Çok teknik yerleri hızlıca okuyarak bir solukta bitirdim. Yazıldığı dönemi gözönünde bulundurduğunuzda, yaptığınız eleştiriler daha hafifliyor. Yoksa eleştirilecek yerleri var.
Aldığım notlar var.
"Erkek kişi, kadından, irilik, vücut kuvveti, kıllılık vb. (bakın bunlara diyecek bir şey yok) bakımlardan olduğu gibi, zekaca da, tıpkı memelilerin coğunun iki eşeyinde olduğu gibi farklıdır." Biraz (aslında oldukça) maço bir değerlendirme ama yıl 1871.
"korkakların birçoğu, düşmanları ile yüz yüze gelinceye dek kendilerini gözüpek sanırlar." bildiğiniz aforizma, öylesine doğru.
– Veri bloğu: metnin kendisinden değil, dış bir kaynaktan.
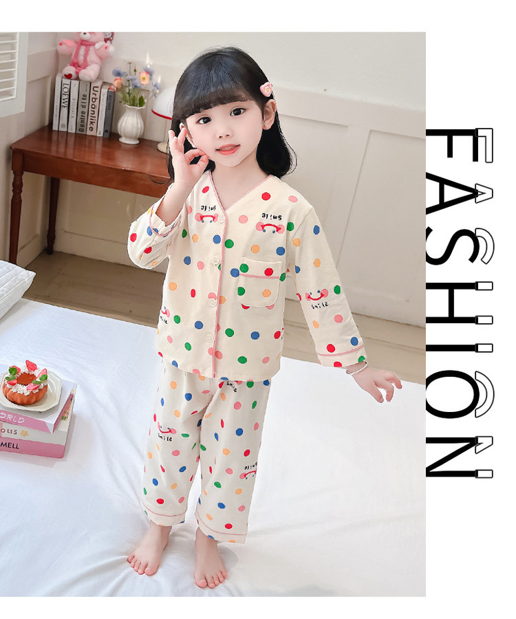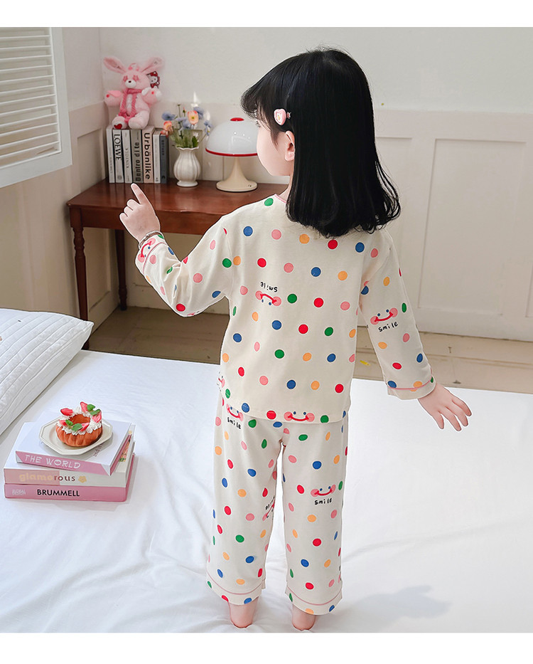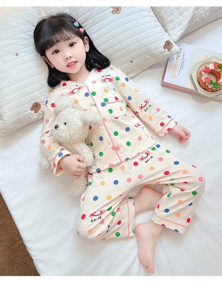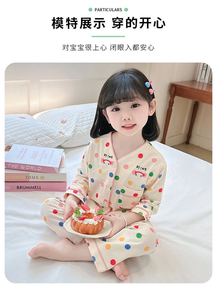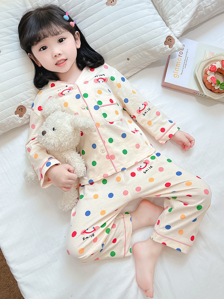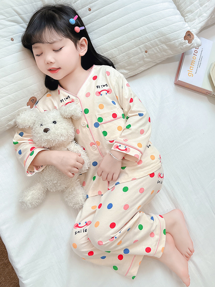 2025 어린이 잠옷 봄과 가을 다채로운 도트 아기 소녀 카디건 정장 가을 긴팔 에어컨 가정 의류스토어 가기

"bir içgüdünün gerçek ayırıcı özelliği, ona sağduyudan bağımsız olarak uyulmasıdır." içgüdü hakkında şimdiye dek gördüğüm en rasyonel tanım.
"Yabanıl insanların vücutça ve kafaca zayıf olanları eleniverir; ve sağ kalanlar, çoğunlukla gerçekten sağlıklı kimselerdir." Günümüzde böyle değil ve böyle giderse encamımız tıpkı "Idiocracy" gibi olacak (görmeyen varsa görsün, film kötü ama düşünce sağlam).
"uygarlaşmış ırkların, daha aşağı ırkların yerini alacak biçimde yayılmış ve her yerde yayılmakta olması özellikle güçlerinin sonucudur." Kimbilir emperyalizm yaratıcıları bunu dikkatlice okumuşlardır.
"Bununla birlikte, aynı toplumdaki daha zeki üyeler, sonunda, az zekilerden daha başarılı olur ve daha çok döl bırakırlar." Aslında günümüzde tam tersi oluyor. "En az üç" çekenlerin IQ ortalamalarının genelin altında olduğunu sanıyorum.
"Yüzyıllarla ölçülünce pek de uzak olmayan bir gelecek dönemde, uygar insan ırkları, bütün dünyada yabanıl insan ırklarını yok edip onların yerini kapacaktır." Çok acımasız ve çok gerçekçi bir tespit.
"Son olarak, evrim ilkesi genellikle kabul edilince -ki çok geçmeden kesinlikle kabul edilecektir- tekkökenciler ile çokkökenciler arasındaki kavganın sessizce ve sezilmeden sona ereceğini söyleyebiliriz." İşte burada yanılmış Bay Darwin. Belli bir bilimsel düzeyin üstünde elbette ki bu ikilem yok ancak insanların çoğunluğu (bkz.yukarıdaki Idiocracy bağlantısı) hala evrime inanmıyor.
Ayrıca "Güdüklükler" (rudiments), "Doğal Seçme", "Tanrı İnancı-Din" (burası çok ilginç (ilk fırsatta bir kez daha okunacak)), "Doğal Seçmenin Uygar Ulusları Etkilemesi" bölümleri fakiri pek etkiledi. İlk okuma sonrası kitaplığın görünen bir yerine kondu ve ikinci okumayı bekliyor.